Reduced pressure chemical vapor deposition of Si1−x−yGexCy/Si and Si1−yCy/Si heterostructures

Abstract

We have grown by reduced pressure chemical vapor deposition Si1−x−yGexCy/Si and Si1−yCy/Si heterostructures for electrical purposes. The incorporation of substitutional carbon atoms into Si is expected to play a double role. On the one hand, by creating a carrier confinement in the channel region of metal–oxide–semiconductor transistors, the compressive strained Si1−x−yGexCy and the tensile strained Si1−yCy layers can be used to improve transport properties. On the other hand, the addition of carbon atoms can compensate the compressive strain induced by large amounts of Ge. As far as high Ge concentration Si1−x−yGexCy layers are concerned (Ge=18 at. %), x-ray diffraction (XRD) measurements show the progressive shift of the Si1−x−yGexCy peak towards the Si substrate peak, evidencing the strain compensation due to the incorporation of carbon atoms into the substitutional sites of the SiGe matrix. Carbon incorporation results in a decrease of the growth rate, from 10 nm/min (for substitutional C=0.46 at. %) down to 9 nm/min (when substitutional C=1.26 at. %). High quality Si1−x−yGexCy layers with up to 1.26 at. % of substitutional carbon atoms were grown.
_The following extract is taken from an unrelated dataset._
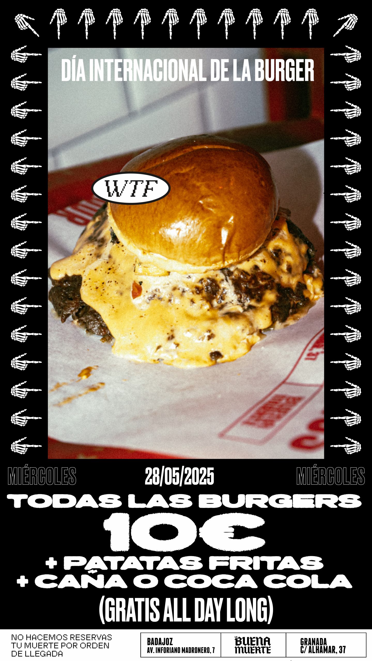 Cada 28 de mayo se celebra el Día Internacional de la Hamburguesa, una fecha dedicada a rendir homenaje a uno de los grandes clásicos de la cocina callejera. Más que una comida, la burger se ha convertido en un símbolo cultural que une a amantes del buen comer. En La Buena Muerte, Granada y Badajoz, no podíamos quedarnos al margen y hemos preparado algo especial para celebrarlo como se merece.
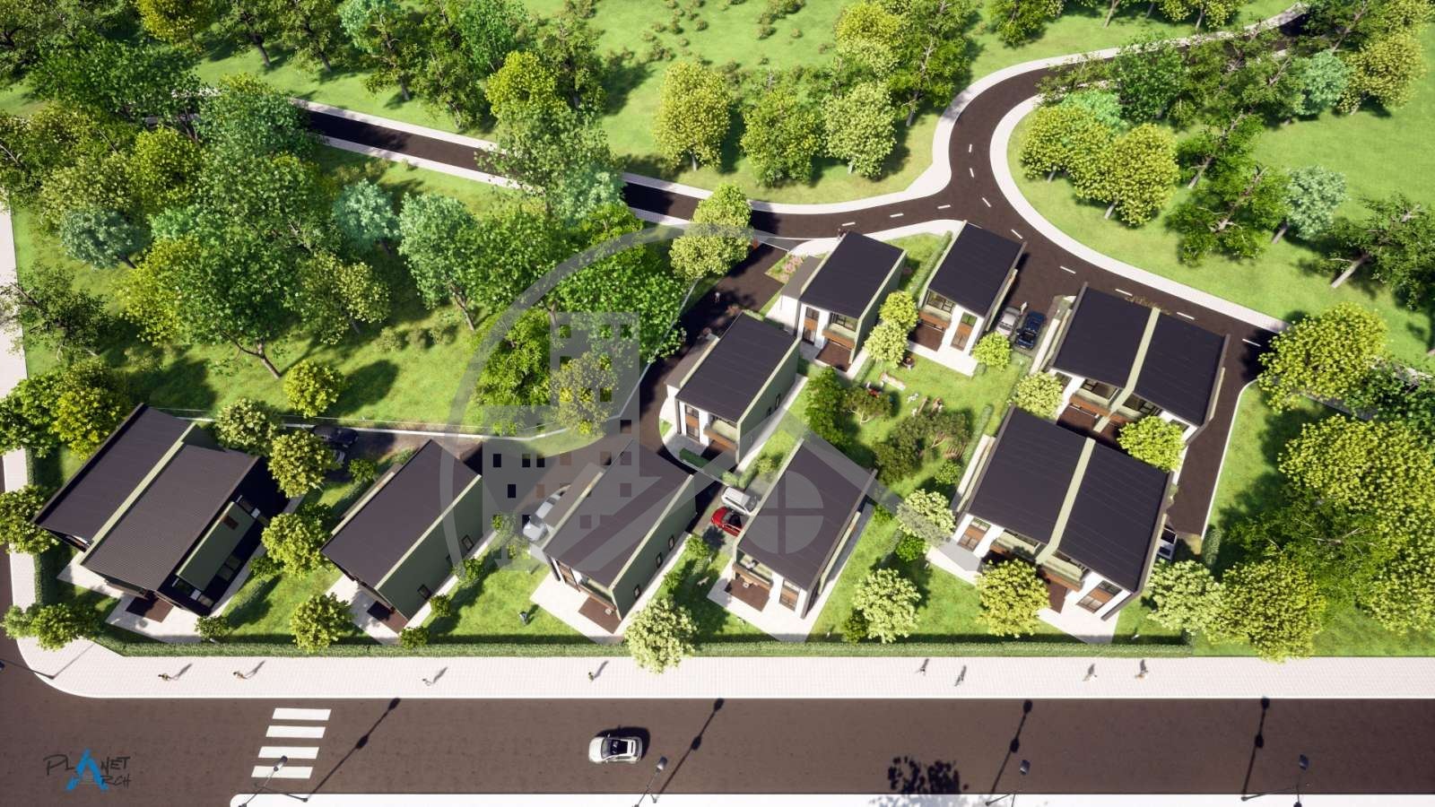 Къщите са разпределени в общ озеленен двор, с аели, видеонаблюдение. Ще бъдат изпълнени с висококачествени материали и издадени по БДС, като има възможност също да бъдат завършени до ключ срещу допълнително заплащане. Разсрочено плащане и възможност за кредитиране.

Transmission electron microscopy imaging and the comparison between secondary ion mass spectrometry (SIMS) and XRD results revealed that a further increase of the SiCH6 flow leads to an increase of the carbon incorporation into interstitial sites, which translates into a rapid deterioration of the Si1−x−yGexCy layer. Slightly compressive-strained Si1−x−yGexCy layers (Ge=4 at. %) have also been grown. Through the increase of the SiCH6 flow we have managed to tailor the Si1−x−yGexCy layer strain from compressive to tensile. The Si1−x−yGexCy growth rate drops from 3.4 nm/min down to 3.0 nm/min when the substitutional carbon concentration increases from 0.4 up to 1.21 at. %. Finally, Si1−yCy/Si tensile-strained heterostructures were grown. Smaller growth rates (1.8 nm/min) for Si1−yCy than for Si1−x−yGexCy are obtained. SIMS and XRD measurements indicate that the highest carbon concentration Si1−yCy layer (substitutional C=1.12 at. %) also contains many interstitial carbon atoms (interstitial C=0.45 at. %).